Kondisi jembatan yang semakin memprihatinkan tersebut dikhawatirkan dapat membahayakan keselamatan warga, khususnya para pelajar dan masyarakat yang setiap hari menggunakan akses tersebut sebagai jalur utama aktivitas.

Selain kerusakan jembatan, warga juga menyoroti kondisi tebing di pinggir Kali Benda yang mengalami erosi cukup serius. Tanah di sepanjang bantaran kali dilaporkan mulai longsor dan berpotensi menyebabkan kerusakan yang lebih luas apabila tidak segera ditangani.
Warga meminta Balai Besar Wilayah Sungai (BBWS) Cimanuk Cisanggarung untuk segera turun langsung meninjau lokasi di kawasan Kali Lebak Ngok Benda. Mereka berharap pihak BBWS dapat segera melakukan pemasangan bronjong atau penguatan tebing sungai secara tepat dan sesuai standar teknis guna mencegah longsor susulan akibat banjir.

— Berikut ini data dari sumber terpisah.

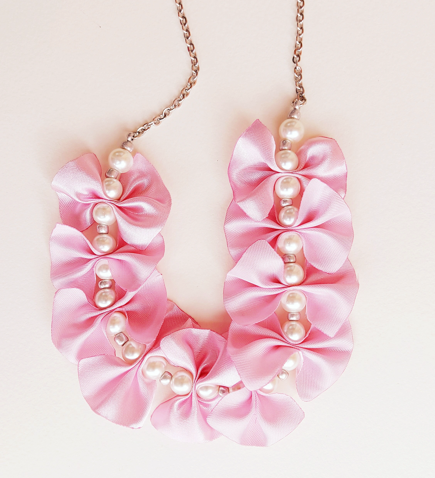 Collana tessile composta da perle bianche/panna e perline, tessuto satin arricciato. Chiusura con catena e moschettone in acciaio inossidabile.

“Kami sangat berharap BBWS Cimanuk Cisanggarung segera melakukan peninjauan dan memasang bronjong di titik-titik rawan longsor. Jika dibiarkan, kondisi ini bisa semakin parah dan membahayakan warga,” ujar salah satu warga setempat.

Menurut warga, wilayah Kali Benda masih berada dalam pengawasan BBWS Cimanuk Cisanggarung, sehingga penanganan teknis penguatan bantaran sungai menjadi kewenangan instansi tersebut.
Masyarakat berharap pemerintah pusat melalui BBWS Cimanuk Cisanggarung, serta pemerintah daerah Kota Cirebon, dapat segera mengambil langkah cepat dan konkret untuk memperbaiki jembatan serta memperkuat bantaran sungai demi mencegah terjadinya longsor dan menjaga keselamatan masyarakat sekitar.
Perbaikan infrastruktur dan pengamanan bantaran sungai dinilai sangat penting mengingat intensitas banjir yang kerap terjadi dan berpotensi menyebabkan kerusakan yang lebih parah apabila tidak segera ditangani secara serius dan berkelanjutan.